Graduation Year: 
1969

B.S. Mechanical Engineering ’69
Founder
San Luis Sourdough
San Luis Obispo, California

 

David West didn’t see a future for himself on the land where his father raised potatoes and alfalfa in the southern Oregon farming community of Merrill. But he did love cars, so he headed to Oregon State to complete a degree in mechanical engineering, focusing on the discipline’s automotive element.

“I was fascinated by mechanics,” says West. “Oregon State offered me everything I wanted — a great engineering school and an opportunity to stay in state.”

After graduating, West interviewed with Ford Motor Company, but decided against living in Detroit.
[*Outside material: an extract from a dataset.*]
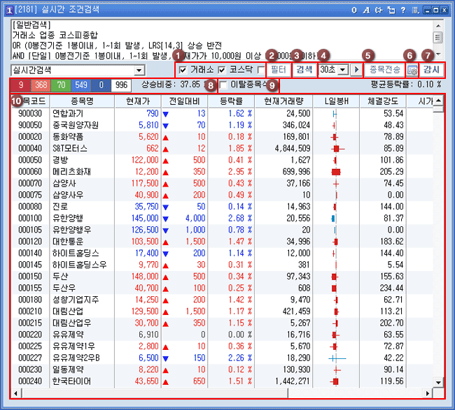 설정한 조건들에 의한 종목들을 조회할 수 있습니다.

Instead, he took a job with Union Oil in southern California as a research engineer. “Without my education, I would never have had that opportunity,” he says. “I was involved in technical training and research and everything related directly back to my education at OSU.”

After living in the Los Angeles basin for 10 years, West and his family decided they didn’t want to spend their lives in the big city. “I wanted to get into business for myself, something where I could control my own destiny,” he says. “I bought an automobile salvage business in San Luis Obispo on California’s central coast.”

The business did well, but his wife’s business was doing better. Linda “Charlie” McFall West (OSU ’69) had started a small bakery called San Luis Sourdough. Within a year, business was booming and, seeing its potential, she pulled her husband’s energies full-time into the bakery business. He designed a 25,000 square foot bakery, giving consideration to workflow, equipment needs, and purchasing.

“My engineering background really helped me,” says West.

Three years after its startup, San Luis Sourdough was named the Small Business Administration’s Small Business of the Year for California. Six years later, the Wests’ company was named the national intermediate wholesale bakery of the year by their trade association.

The Wests sold the company to Earthgrains in 1998. By that time, 125 employees were producing 60,000 loaves of sourdough bread a day.

“I am proud that we were able to contribute to society and the economy and produce a healthy, natural food product that people wanted,” says West. “Anyone getting into engineering needs to keep all the doors open, because you never know where the path is going to lead. It could be something you never dream would be an opportunity.”